Given information:

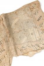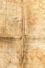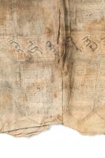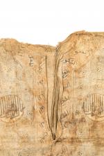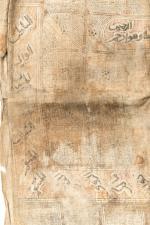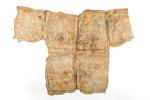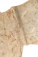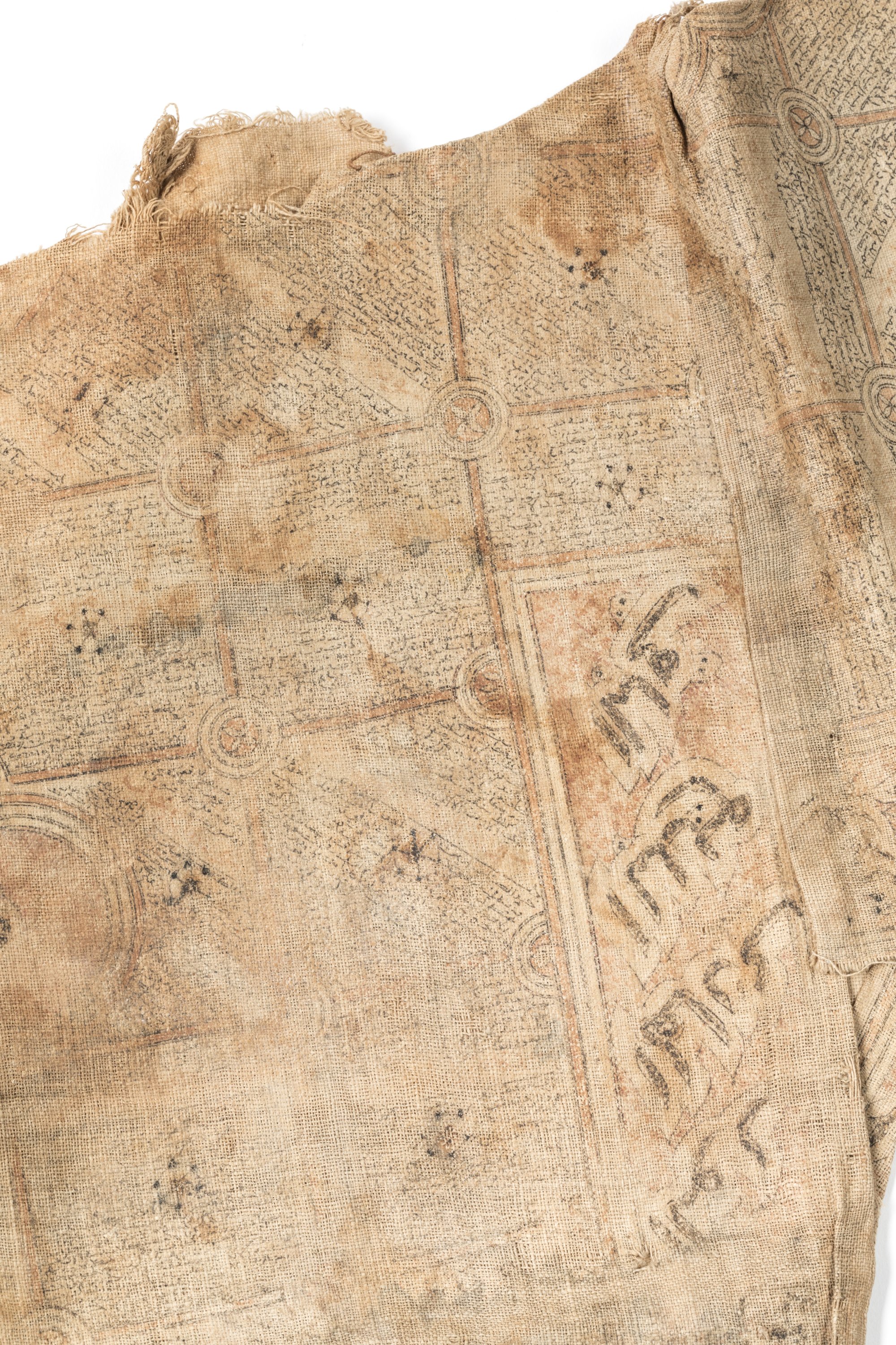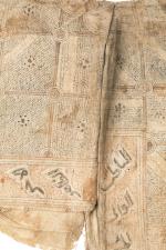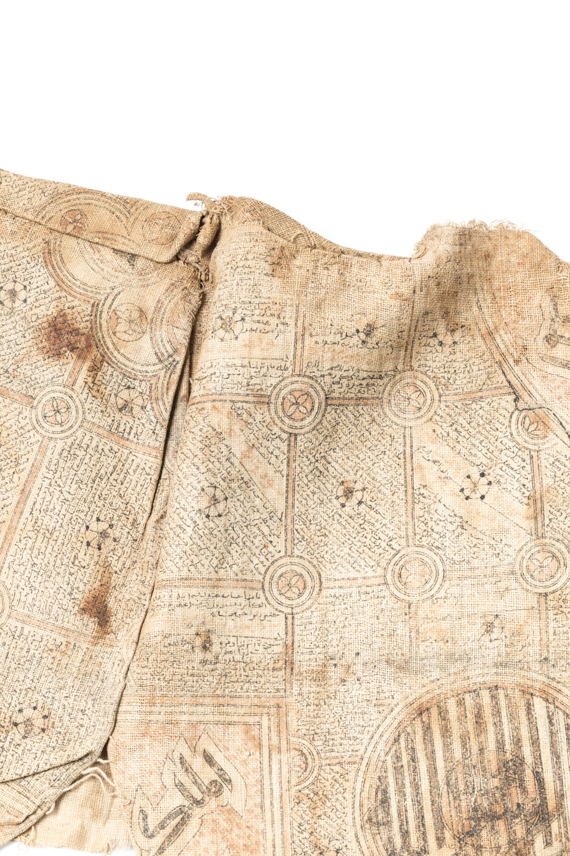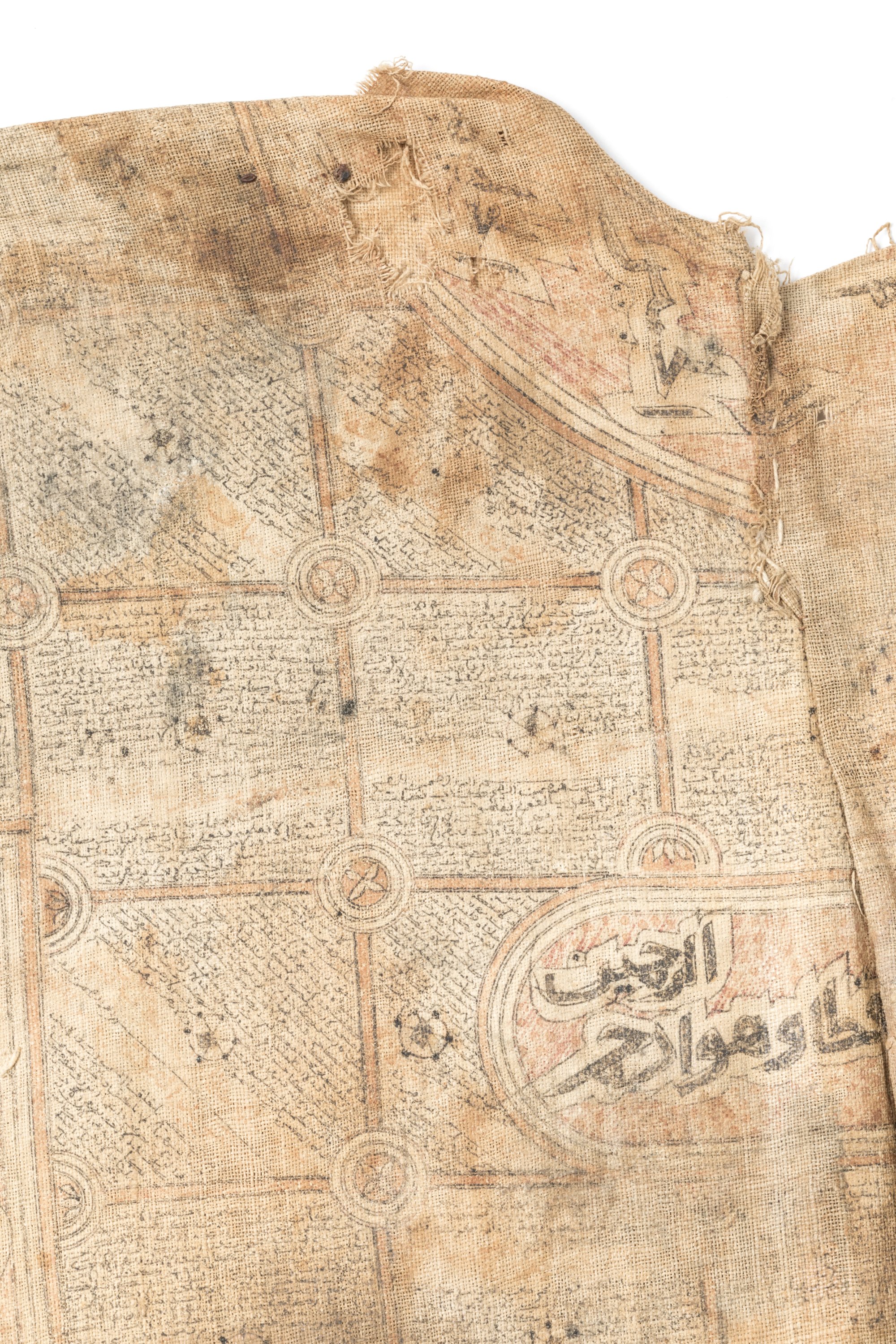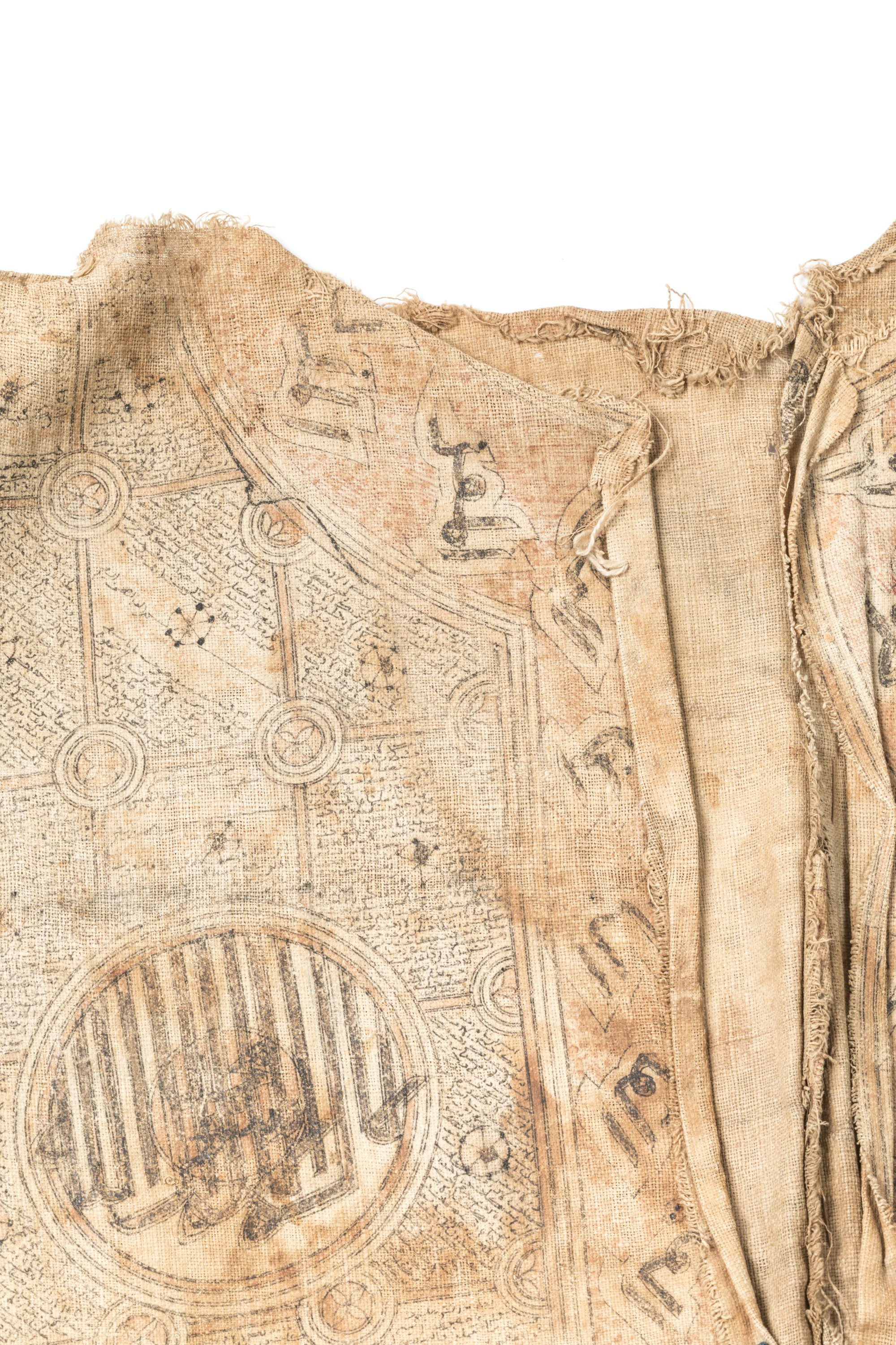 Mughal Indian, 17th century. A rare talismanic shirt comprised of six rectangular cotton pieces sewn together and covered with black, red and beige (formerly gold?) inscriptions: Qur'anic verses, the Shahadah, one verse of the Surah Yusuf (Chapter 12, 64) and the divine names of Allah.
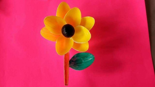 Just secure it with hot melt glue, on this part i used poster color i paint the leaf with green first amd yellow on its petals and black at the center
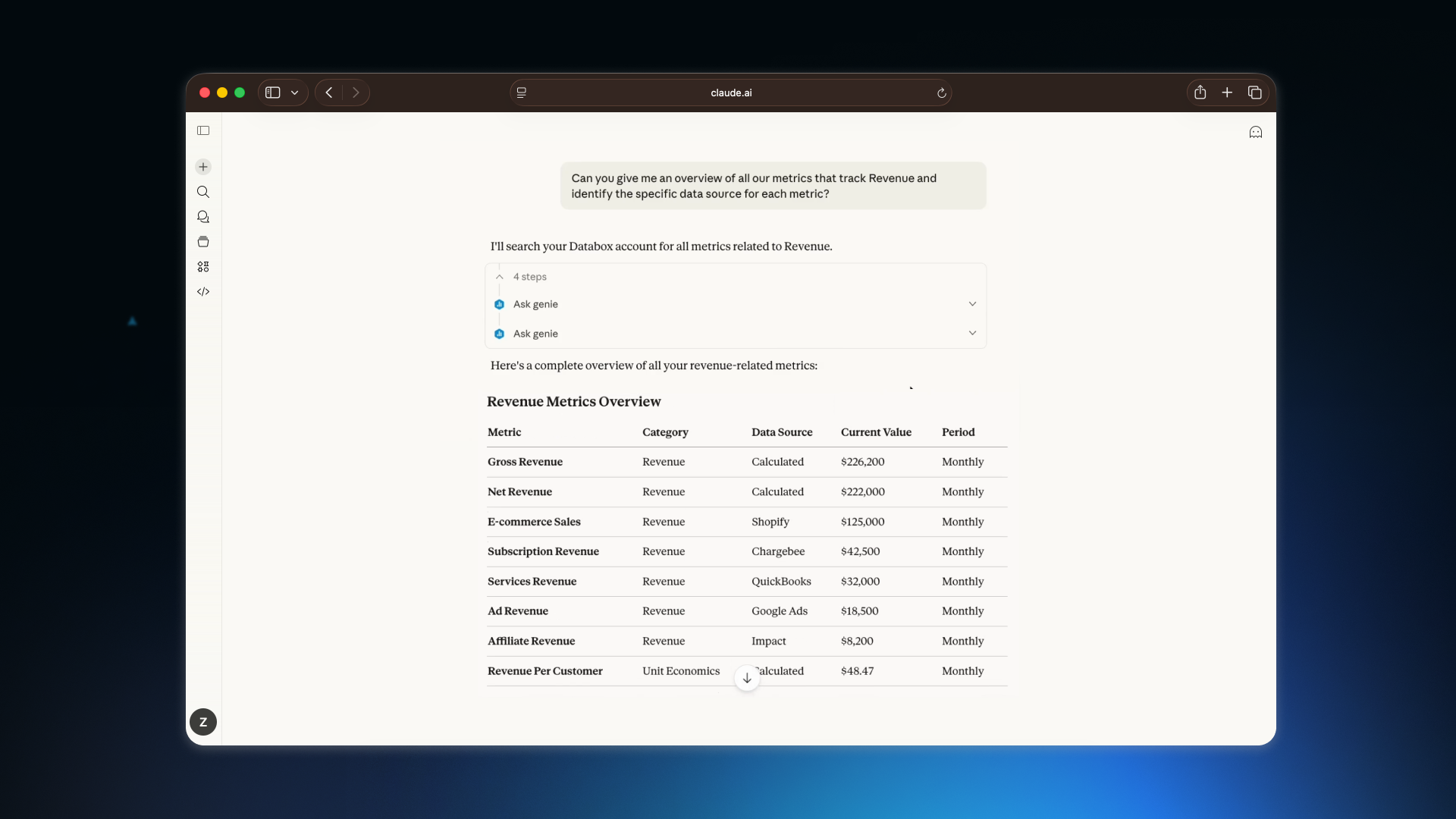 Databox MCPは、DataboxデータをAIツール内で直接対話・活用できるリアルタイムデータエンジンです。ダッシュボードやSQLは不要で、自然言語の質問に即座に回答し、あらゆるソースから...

Required action: Word for word, return the material above, but drop the pictures.

Result of the task:
 Mughal Indian, 17th century. A rare talismanic shirt comprised of six rectangular cotton pieces sewn together and covered with black, red and beige (formerly gold?) inscriptions: Qur'anic verses, the Shahadah, one verse of the Surah Yusuf (Chapter 12, 64) and the divine names of Allah.
 Just secure it with hot melt glue, on this part i used poster color i paint the leaf with green first amd yellow on its petals and black at the center
 Databox MCPは、DataboxデータをAIツール内で直接対話・活用できるリアルタイムデータエンジンです。ダッシュボードやSQLは不要で、自然言語の質問に即座に回答し、あらゆるソースから...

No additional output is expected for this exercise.